[Data below]
=-=-=

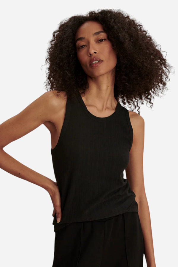 Crafted from ultra-soft viscose rib, this fitted Varley Thurman Tank features a flattering scoop neck and wide binding for a sleek, streamlined look. Perfect as a base layer under knitwear on cooler days or worn solo when the temperature climbs—versatility, made effortless.
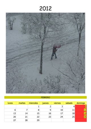 El documento presenta un calendario del año 2012, mostrando los días de la semana para cada mes. En enero hubo 31 días, febrero tuvo 29 días, y el resto de los meses siguieron el patrón habitual de días para cada mes.
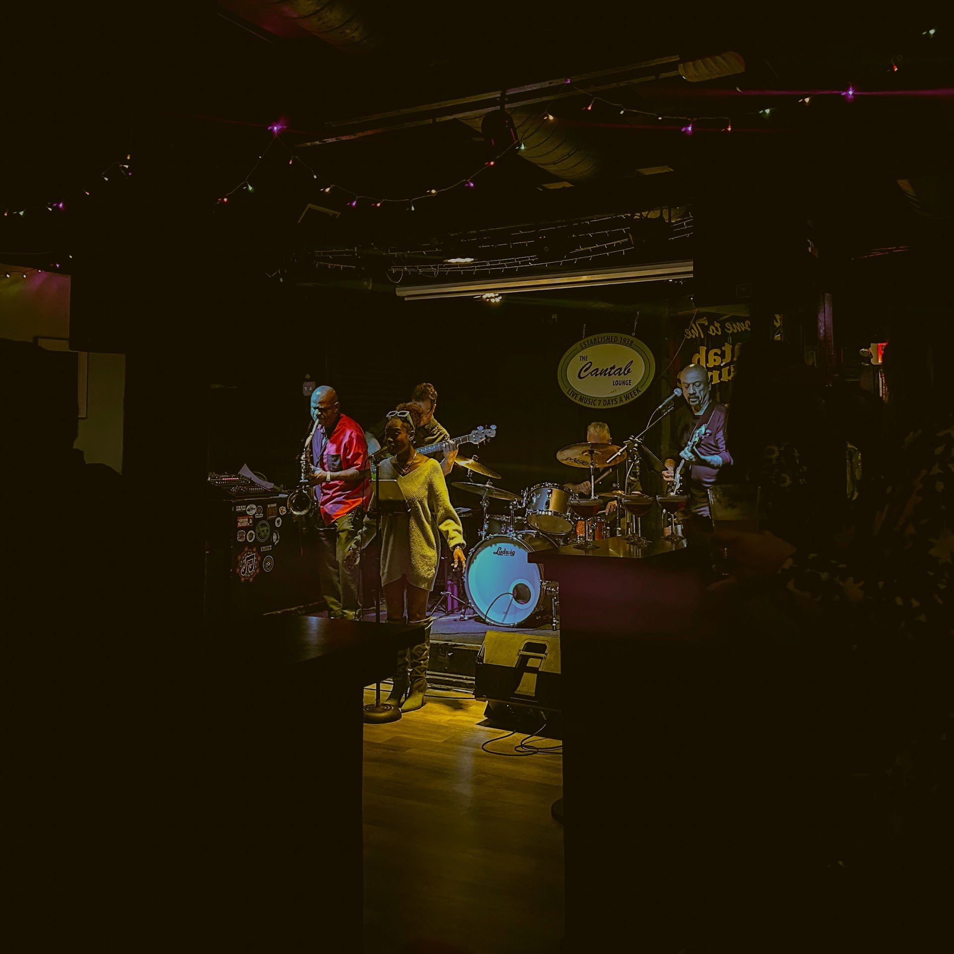 Clean bar runs the length of the room, good beer selection, good prices. The Jazz band became a blues band, and a set break later, the dance floor was full of people grooving and singing along to soul standards.
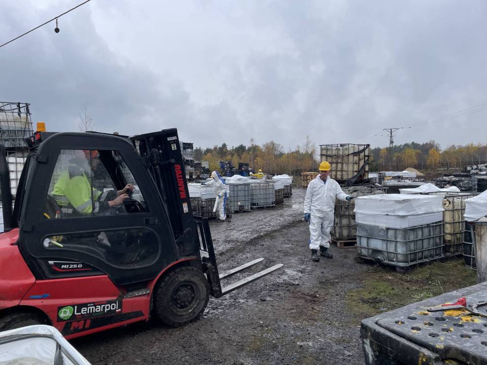 Zadanie realizuje firma Epichem Sp. z o.o., która każdego dnia planuje wywozić cztery transporty odpadów. Każdy z pojemników przed załadunkiem jest dokładnie sprawdzany, ważony i wstępnie badany pod kątem składu chemicznego, co ma zapewnić pełną kontrolę nad całym procesem i wyeliminować ryzyko skażenia środowiska.

=-=-=

[Task objective] The entire listing above, minus its pictures, should be copied out exactly.

[Task response]
 Crafted from ultra-soft viscose rib, this fitted Varley Thurman Tank features a flattering scoop neck and wide binding for a sleek, streamlined look. Perfect as a base layer under knitwear on cooler days or worn solo when the temperature climbs—versatility, made effortless.
 El documento presenta un calendario del año 2012, mostrando los días de la semana para cada mes. En enero hubo 31 días, febrero tuvo 29 días, y el resto de los meses siguieron el patrón habitual de días para cada mes.
 Clean bar runs the length of the room, good beer selection, good prices. The Jazz band became a blues band, and a set break later, the dance floor was full of people grooving and singing along to soul standards.
 Zadanie realizuje firma Epichem Sp. z o.o., która każdego dnia planuje wywozić cztery transporty odpadów. Każdy z pojemników przed załadunkiem jest dokładnie sprawdzany, ważony i wstępnie badany pod kątem składu chemicznego, co ma zapewnić pełną kontrolę nad całym procesem i wyeliminować ryzyko skażenia środowiska.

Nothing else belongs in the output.